Russia - Yet the recession is extending into 2016, with the economy expected to contract by about 1½ % due to lower oil prices, weak household income growth, and fiscal consolidation. With oil prices expected to stabilize and domestic financial conditions to ease, the economy is projected to start growing again in 2017 by about 1%... IMF

May 19, 2016                                      Press Release

Russian Federation: Staff Concluding Statement of the 2016 Article IV Mission




A Concluding Statement describes the preliminary findings of IMF staff at the end of an official staff visit (or ‘mission’), in most cases to a member country. Missions are undertaken as part of regular (usually annual) consultations under Article IV of the IMF's Articles of Agreement, in the context of a request to use IMF resources (borrow from the IMF), as part of discussions of staff monitored programs, or as part of other staff monitoring of economic developments.

The authorities have consented to the publication of this statement. The views expressed in this statement are those of the IMF staff and do not necessarily represent the views of the IMF’s Executive Board. Based on the preliminary findings of this mission, staff will prepare a report that, subject to management approval, will be presented to the IMF Executive Board for discussion and decision.

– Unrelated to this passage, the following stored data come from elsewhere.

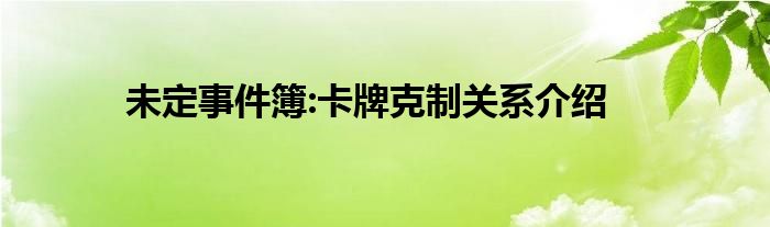 小编今天给各位玩家朋友们带来的是未定事件簿:卡牌克制关系介绍,有记得的玩家朋友吗?不记得也没有关系,小编已经帮助大家把未定事件簿:卡牌克制关系介绍找了出来,你只需要动动你的小手就可以轻松知道啦,快来瞧一瞧吧。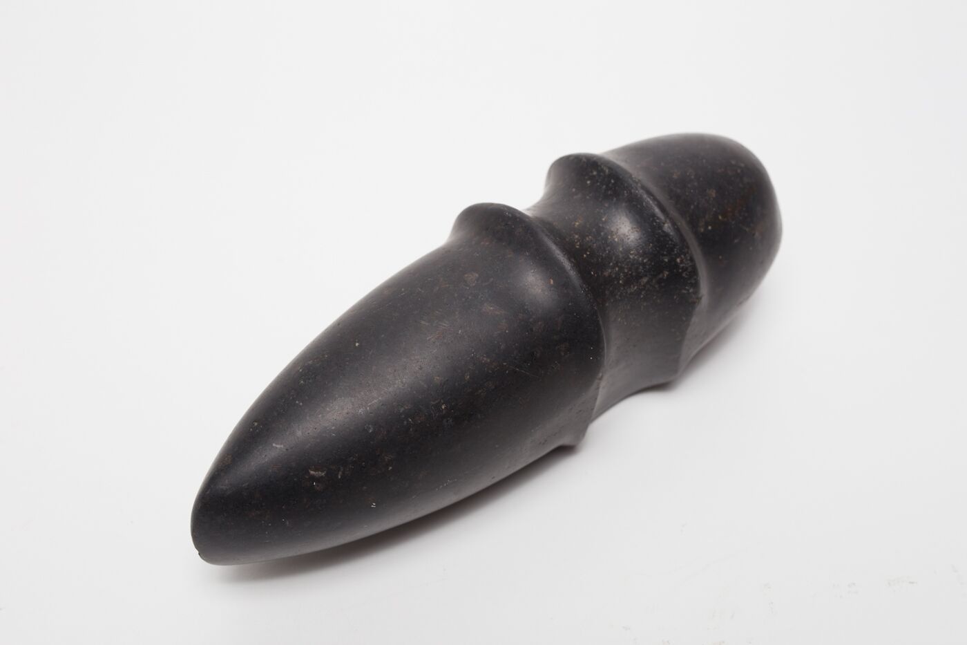 Su forma esférica y ligeramente ovoide en ambos extremos da la idea de su propósito como mazo. Presenta desgaste natural y pérdida de material en borde posterior inferior izquierdo.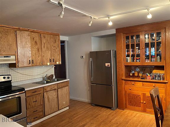Come home to small town living and a charming older home offering old world style and updates. You'll love the mostly original wood floors and newer laminate in the wide open kitchen. Kitchen also boasts a fir, built-in china cupboard. The living room has a beautiful brick wood burning fireplace and is open to the kitchen. Two bedrooms are one side of the home and the big master on the other. One bedroom has an original built-in dresser. You'll enjoy the fully fenced backyard with a large deck, an enclosed shed and an open shed. The yard has mature landscaping with big old trees and has an irrigation ditch with seasonal water flow in the front. The basement is unfinished, but there is plenty of space for expansion.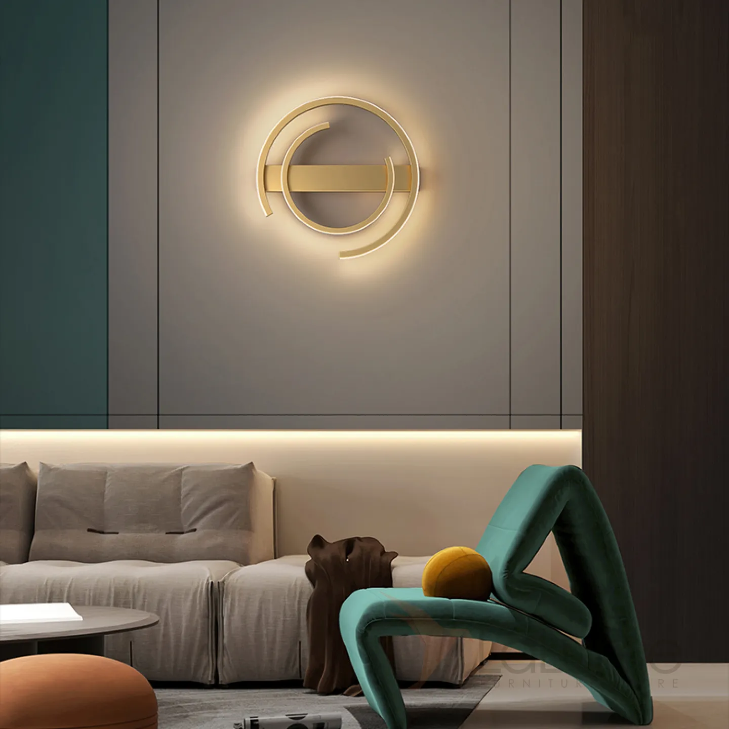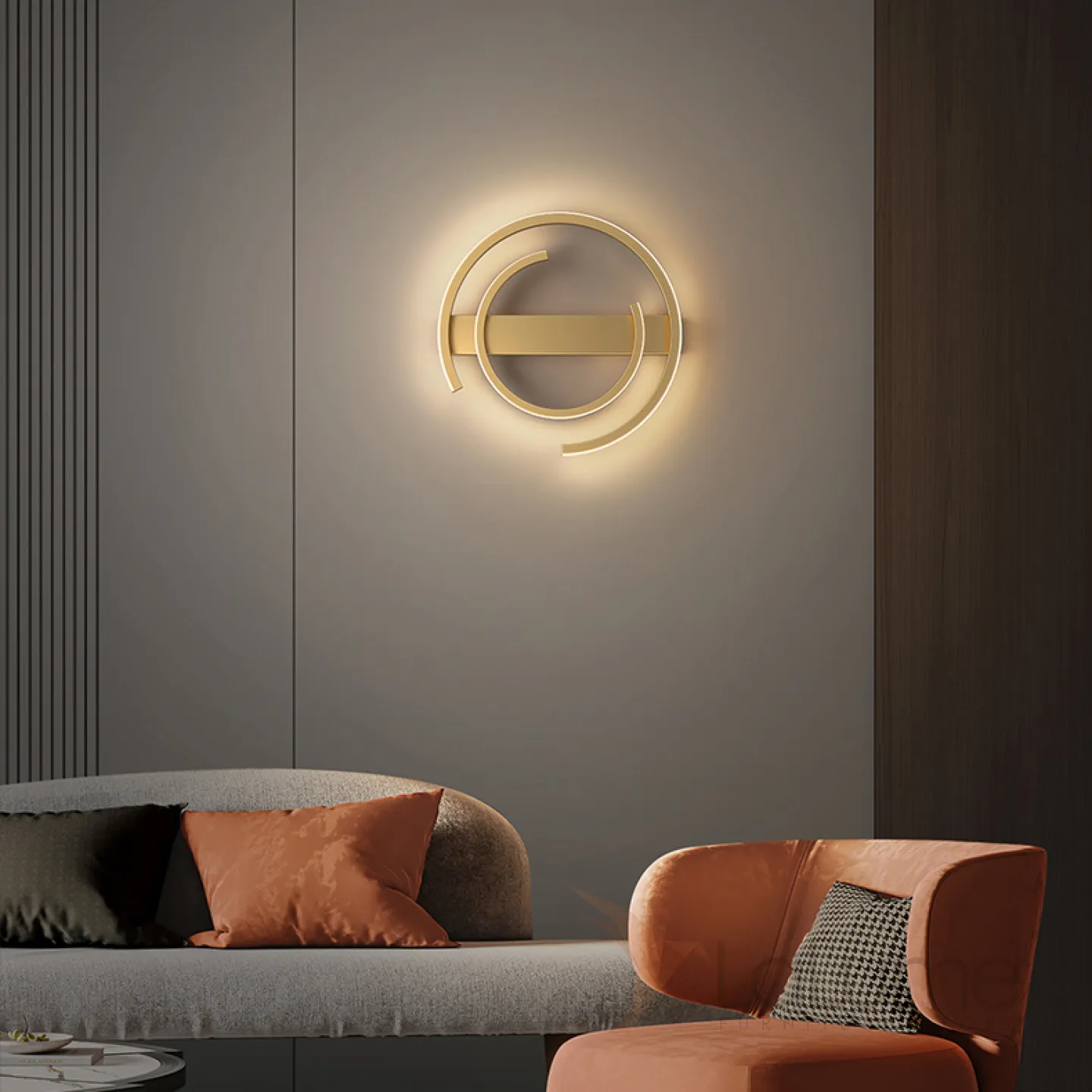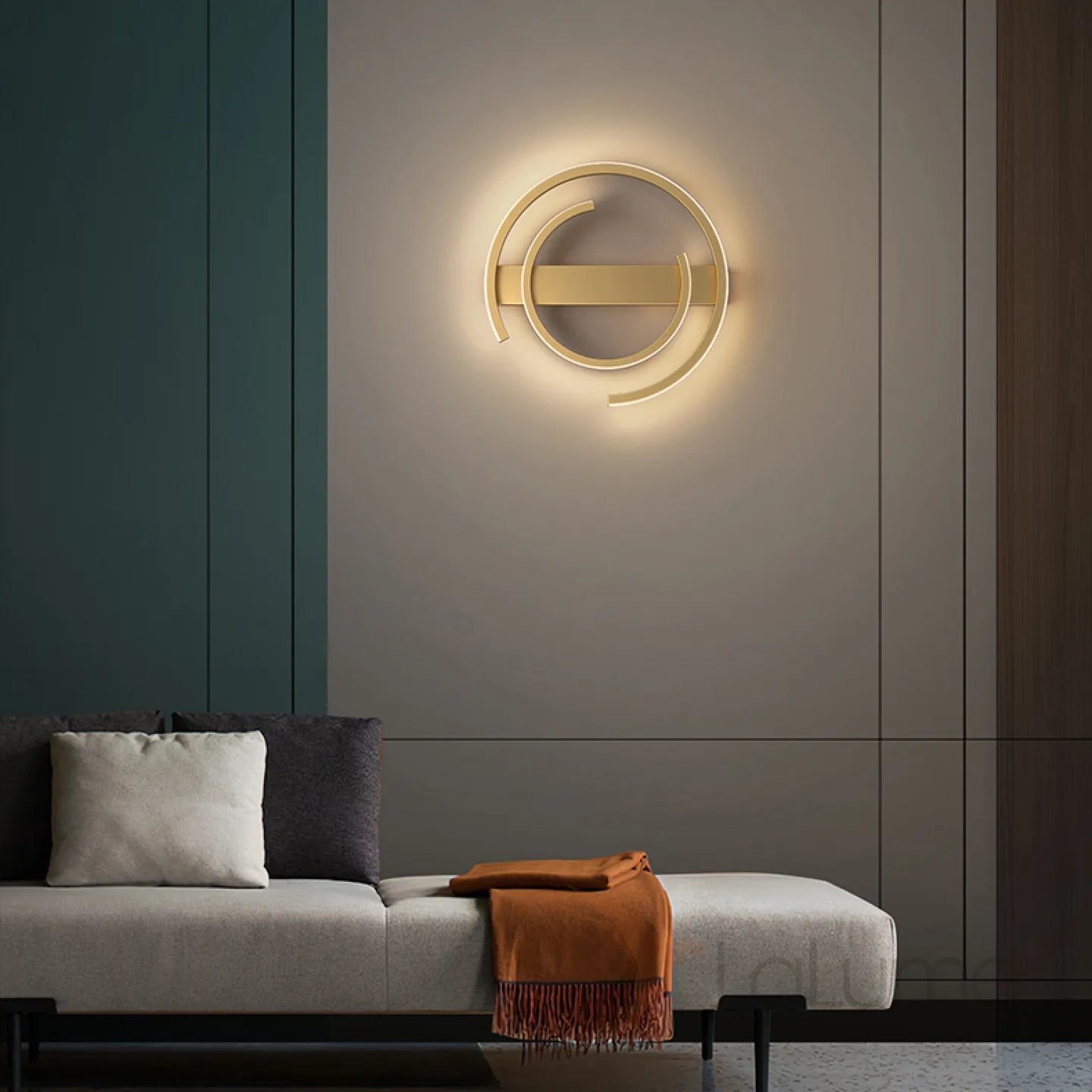 Серия настенных светодиодных светильников в виде комбинации полуколец разного диаметра на прямоугольном креплении LOFT Brass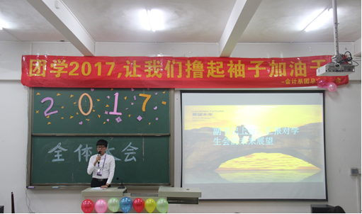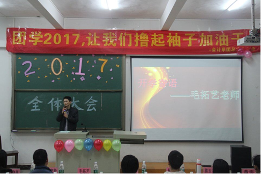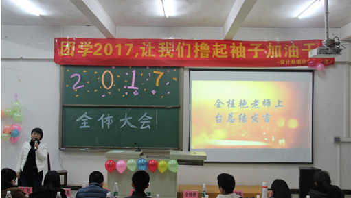 紧接着,由杨新伟老师宣布会计系团总支学生会主席及团总支副书记人选,并用“让我们撸起袖子加油干”以及“越奋斗越青春”的口号,鼓舞同学们的士气。学生会主席郭玉玲同学上台就上学期团学活动做出总结,肯定以前取得的成绩并指出不足之处,争取在未来取得更好的成绩。团总支副书记杨涵提出了对学生会的未来展望和学期工作计划。
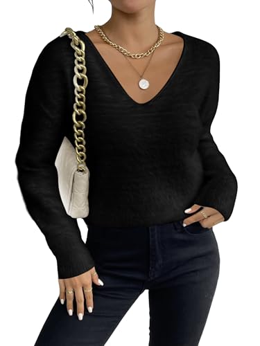 HOT ! MakeMeChic Women's Fuzzy Sweater V Neck Long Sleeve Drop Shoulder Pullover Sweater

The Russian economy continues to adjust to the dual shocks of lower oil prices and sanctions. The economic contraction is nonetheless shallower than previous recessions as the authorities’ economic package—a flexible exchange rate regime, banking sector capital and liquidity injection, limited fiscal stimulus, and regulatory forbearance—cushioned the shocks, helped restore confidence and stabilized the banking system.

Outlook and Risks

Yet the recession is extending into 2016, with the economy expected to contract by about 1½ percent due to lower oil prices, weak household income growth, and fiscal consolidation. With oil prices expected to stabilize and domestic financial conditions to ease, the economy is projected to start growing again in 2017 by about 1 percent. Inflation has decelerated significantly due to weak economic activity, a tight monetary policy stance, and the government’s restrictive income policies. Inflation is expected to reach about 6½ percent at end-2016 and fall further towards the central bank’s inflation target during 2017. However, medium-term prospects remain subdued due to a weak oil price outlook, adverse population dynamics coupled with long-standing structural bottlenecks, and the impact of sanctions on productivity and investment. Barring significant structural reforms, long-term growth is likely to settle around 1½ percent.

A key downside risk to this outlook is lower-than-projected oil prices which would adversely affect growth, even if existing buffers would make the situation manageable from an external stability perspective. Also, the absence of credible measures to balance the budget in the medium-term could foster uncertainty and further limit growth. Finally, a persistently weak banking system could negatively weigh on economic prospects as constrained credit supply would affect investment.

Economic Policies

Policies should focus on managing the necessary adjustment to lower oil prices while supporting the recovery by: (1) anchoring the required fiscal adjustment in a credible medium-term plan and balancing the adjustment to minimize the short-term impact on growth; (2) resuming monetary policy loosening as inflation risks subside to mitigate the expected fiscal consolidation and support the recovery; (3) strengthening financial sector institutions to better support growth; and (4) advancing structural reforms to leverage the more competitive exchange rate and rebalance growth towards non-energy tradable goods.